Dalam pertemuan bilateral tersebut, Prabowo menilai hubungan Indonesia dan Prancis saat ini berada pada fase terbaik sepanjang sejarah diplomatik kedua negara.
“Saya sependapat yang mulia, hubungan Indonesia dan Perancis berada di tingkat menurut saya yang terbaik selama ini,” ujar Prabowo.
Menurut Prabowo, eratnya hubungan bilateral tidak terlepas dari dukungan langsung Macron dalam memperkuat berbagai sektor kerja sama strategis.
Mulai dari pertahanan, sains dan teknologi, hingga pendidikan, seluruhnya mengalami perkembangan signifikan dalam beberapa tahun terakhir.
“Dalam beberapa hal, Indonesia dan Perancis memiliki sikap yang sama, dan saat ini hubungan bilateral kita sangat baik, ini tidak lain adalah karena dukungan langsung dari Presiden Macron,” kata Prabowo.

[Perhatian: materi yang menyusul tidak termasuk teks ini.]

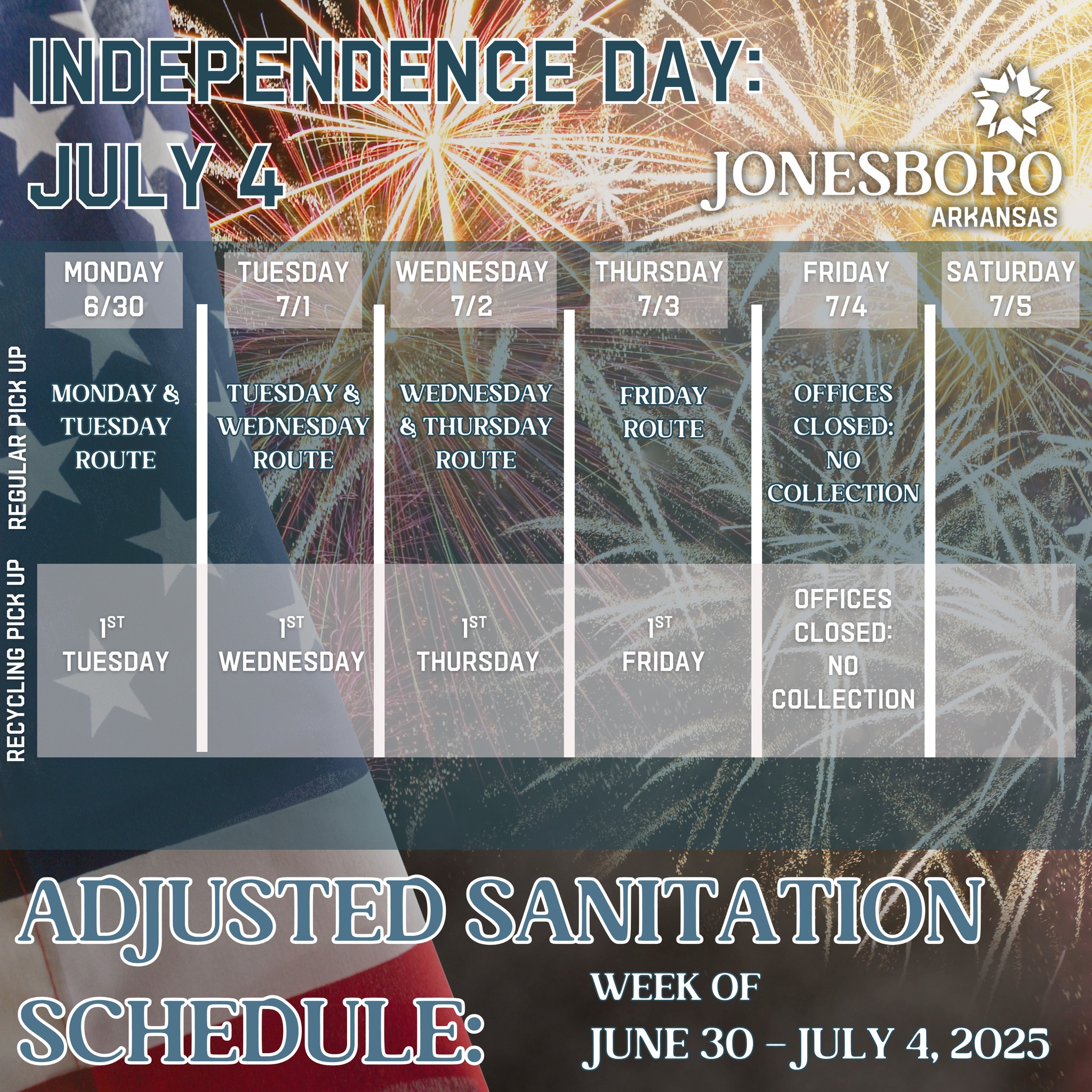 Jonesboro, AR — (JonesboroRightNow.com) — June 24, 2025 — In preparation for the Independence Day holiday, Jonesboro Sanitation Department workers are running double routes next week.

Kepala negara kemudian menegaskan bahwa sektor pendidikan akan menjadi salah satu fokus penting dalam penguatan hubungan kedua negara ke depan.
Pemerintah Indonesia, kata Prabowo, bahkan mulai mendorong pembelajaran bahasa Prancis di berbagai jenjang pendidikan sebagai langkah menghadapi dinamika global di masa mendatang.
“Sekarang saya sudah instruksikan bahwa semua tingkatan sekolah-sekolah Indonesia harus belajar bahasa Perancis, melihat perkembangan dunia ke depan,” pungkasnya.